I'm attempting to construct a scraper using Node.js that will allow me to extract news headlines from a huge number of websites (they are all different so I have to be as general as possible in my approach). I now have a functioning Python code that uses Beautiful Soup and regex to allow me to declare a set of keywords and return headlines that contain those keywords. A related sample of python code is provided below:
for items in soup(text=re.compile(r'\b(?:%s)\b' % '|'.join(keywords)))
To illustrate the expected output, lets assume there is a domain with news articles (Bellow is a html snippet containing a headline):
<a class="gs-c-promo-heading gs-o-faux-block-link__overlay-link gel-pica-bold nw-o-link-split__anchor" href="/news/uk-52773032"><h3 class="gs-c-promo-heading__title gel-pica-bold nw-o-link-split__text">Time to end Clap for Carers, says founder</h3></a>
The expected output given a keyword Time would be a string with a headline Time to end Clap for Carers
I'm wondering if it's possible to accomplish something similar using cheerio.
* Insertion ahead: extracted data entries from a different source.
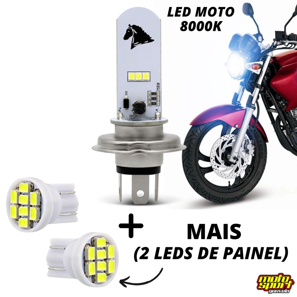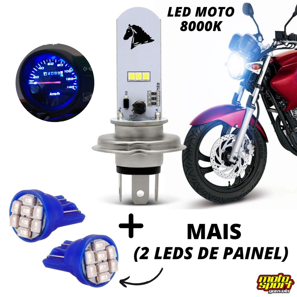 Lâmpada Farol Led Moto H4 8000k Super Branca Stallion Cavalinho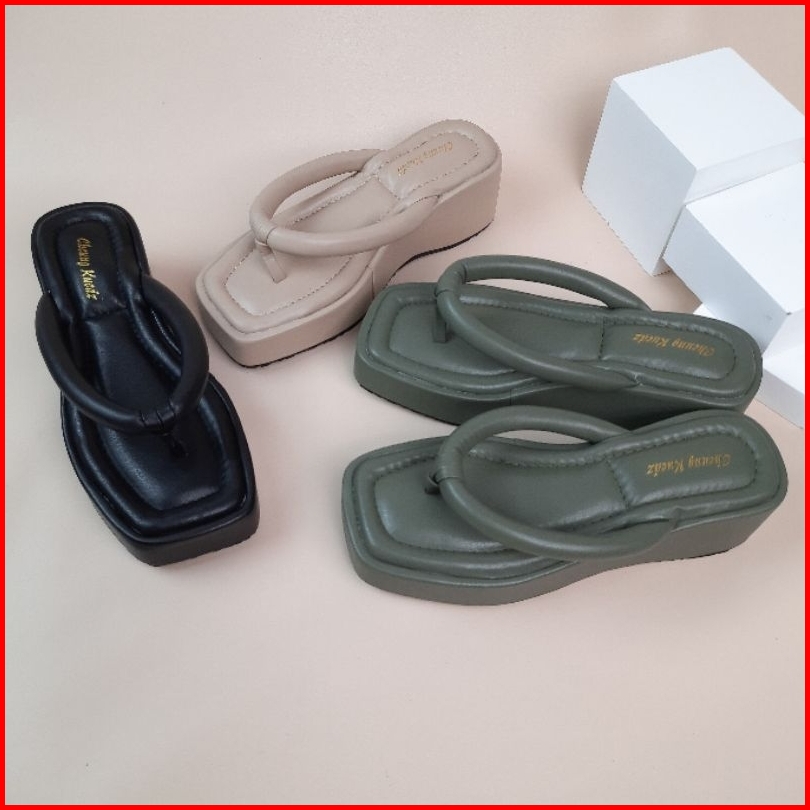 Cheung Kuedz Nami Sandal Spons Premium Model Jepit Hak 5cm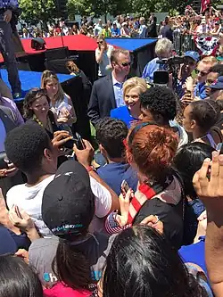 Robby Mook se desempeñó como director de campaña, y es la primera persona abiertamente gay que cumplió dicha función en una campaña presidencial importante.[120][121]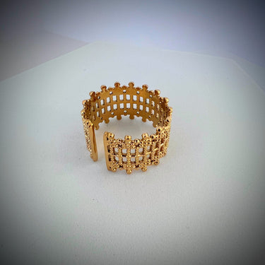 Crafted from high-quality stainless steel and plated with a rich 18K PVD gold finish, this ring is not only a symbol of elegance but also durability. The textured surface and matte crown-like elements offer a bold, yet timeless aesthetic, perfect for those who appreciate sophisticated and unique jewelry.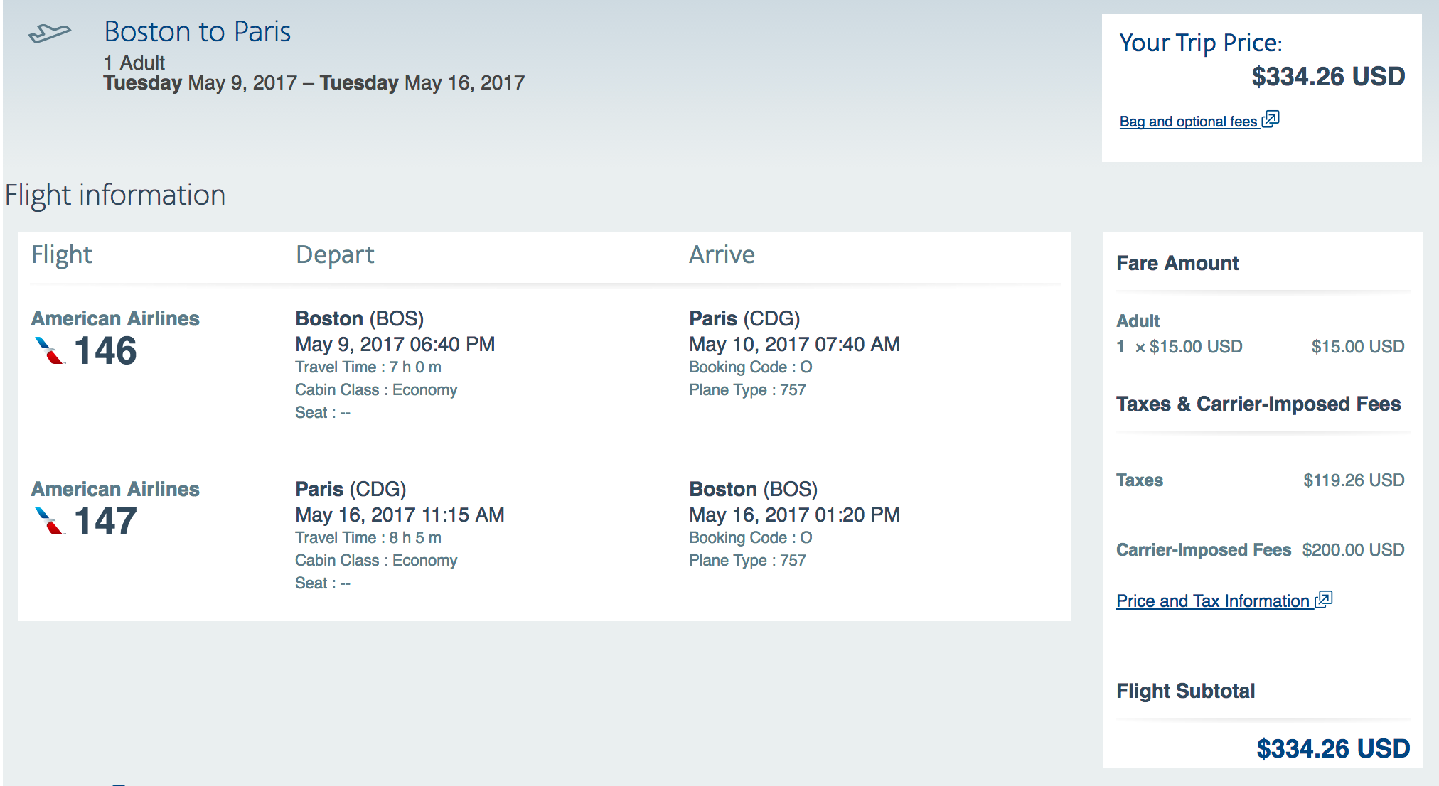 Boston (BOS) to Paris (CDG) for $334 round-trip in May: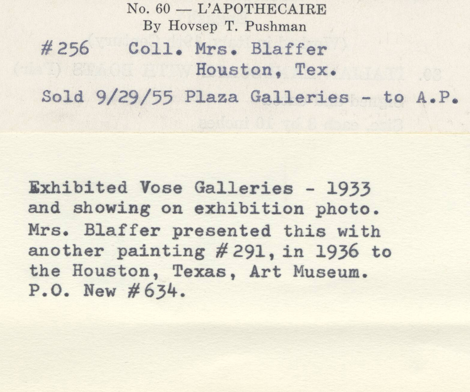 Notes: "L'Apothecaire, #256," was painted by Hovsep Pushman, circa 1920-1930. The painting is signed, lower right, and is listed in the Pushman inventory journal, #256. This painting was exhibited at Vose Galleries, 1933, and showing on the exhibition photo, Mrs. Blaffer presented this with another painting #291, in 1936 to the Houston, Texas, Art Museum P.O. New #634.

What would be the best strategy in nodejs to get the similar results?
EDIT: This is now working for me. On top of that, there are headlines that match. I also wanted to get the URLs of the posts.
function match_headlines($) {
const keywords = ['lockdown', 'quarantine'];
new RegExp('\\b[A-Z].*?' + "(" + test_keywords.join('|') + ")" +
'.*\\b', "g");
let matches = $('a').map((i, a) => {
let links = $(a).attr('href');
let match = $(a).text().match(regexPattern);
if (match !== null) {
let posts = {
headline: match['input'],
post_url: links
}
return posts
}
})
return matches.filter((x) => x !== null)
}